Exposure routes to environmental pollutants are crucial in ASD pathogenesis. Alterations in neuronal connectivity, occurring from prenatal to early adulthood, can result from genetic and epigenetic factors [76]. The ENVIRONAGE cohort study found that increased PM 2.5 exposure during pregnancy was associated with relationship and prosocial behavior problems in preschoolers [76]. These effects may be due to higher mutation rates and DNA repair alterations during fetal and neonatal stages [72]. Conversely, low-pollution maternal environments are associated with beneficial DNA methylation in neurodevelopmental genes, highlighting the importance of pollution levels and particulate matter composition in understanding ASD risk [73].

The characteristics of the population may impact the associations identified in this meta-analysis study and the timing of exposure. ASD symptoms typically manifest early in life, exerting significant developmental effects during the prenatal and early postnatal periods [76]. Both acute and chronic exposure to environmental pollutants during these critical phases can influence neurogenesis and neuronal maturation [76]. Evidence suggests that prenatal and postnatal exposure to contaminants can bring about developmental alterations in children, with the developing nervous system being especially vulnerable to environmental toxins, even at low exposure levels [76]. Accurate assessment of the timing of contaminant exposure is crucial for comprehending the underlying mechanisms and crafting effective interventions.

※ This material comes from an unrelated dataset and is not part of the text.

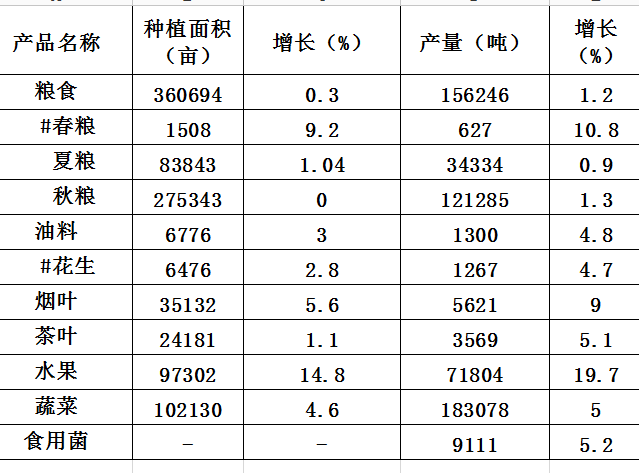 全年农林牧渔业总产值71.63亿元,增长4.9%。其中,农业产值26.96亿元,增长5.1%;林业产值8.72亿元,增长1%;牧业产值32.43亿元,增长5.9%;渔业产值2.03亿元,增长2.5%;农林牧渔服务业产值1.5亿元,增长5.1%。农业综合生产能力平稳,全县粮食播种面积36.07万亩,增长0.3%,全年粮食产量15.62万吨,增长1.2%;蔬菜产量18.31万吨,增长5%;茶叶产量3569吨,增长5.1%;水果产量7.2万吨,增长19.7%;食用菌产量9111吨,增长5.2%。

Recognizing that the absence of significant associations with specific contaminants, individually or in combination, or inconclusive findings does not imply their non-existence is crucial. Further research is imperative to pinpoint the risk factors contributing to our understanding of ASD and to inform the development of enhanced preventive measures.

Strengths and limitations of the systematic review

Our systematic review stands out for several key reasons. Firstly, it adopts a broad approach, incorporating a wide array of databases and gray literature sources. Unlike other reviews, our search was not constrained by time or language, ensuring inclusivity and breadth of scope. Additionally, we excluded observational studies, which often present limitations for causal inference, thereby enhancing the robustness of our findings.

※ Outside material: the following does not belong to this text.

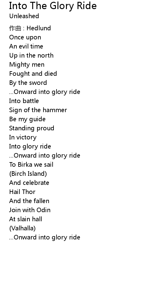 | Into glory ride | |
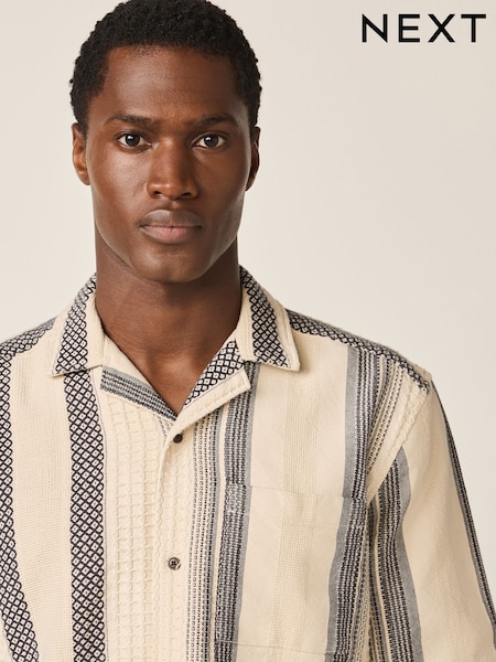 Red Stripe Textured Short Sleeve Shirt

Furthermore, our review maintained a stringent focus on studies of high methodological quality, ensuring the reliability of our results. Unlike comparable reviews, our analysis encompassed a broad range of contaminants, facilitating a deeper understanding of their impact on ASD incidence. Moreover, our study evaluated the effects of both individual and grouped contaminants, offering a novel perspective on the issue.

This study also has some limitations. First, the studies included a variability of exposure time, pollutant detection method, and the instrument used to determine ASD. However, to avoid overestimating the effect, sensitivity analyses were performed that supported the validity of the association with ASD. In addition, the instruments, although diverse, are all approved by the scientific community for the screening or diagnosis of ASD. Second, some meta-analyses had high heterogeneity.

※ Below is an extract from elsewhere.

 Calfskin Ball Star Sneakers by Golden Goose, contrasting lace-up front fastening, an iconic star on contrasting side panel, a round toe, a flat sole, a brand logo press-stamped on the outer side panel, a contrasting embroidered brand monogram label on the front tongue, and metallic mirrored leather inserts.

In summary, our systematic review represents an original contribution to the field, distinguished by its meticulous methodology, broad inclusion, and comprehensive analysis of the effects of pollutants on the incidence of autism.

Conclusion and future directions

This systematic review and meta-analysis suggest that children and adolescents exposed to higher contamination levels by pollutants such as nitrogen dioxide, copper, mono-3-carboxy propyl phthalate, mono butyl phthalate, and PCB 138 have a higher risk of developing ASD. Likewise, those exposed to subgroups of environmental pollutants such as carbon monoxide, nitrogen oxides, and metals were associated with ASD. Therefore, it is important to identify the factors that underlie the susceptibility of children and adolescents to contribute effectively to ASD and identify prevention strategies. Future studies should standardize the exposure time to pollutants and the detection methods, allowing for more precise comparisons and better interpretation of the results.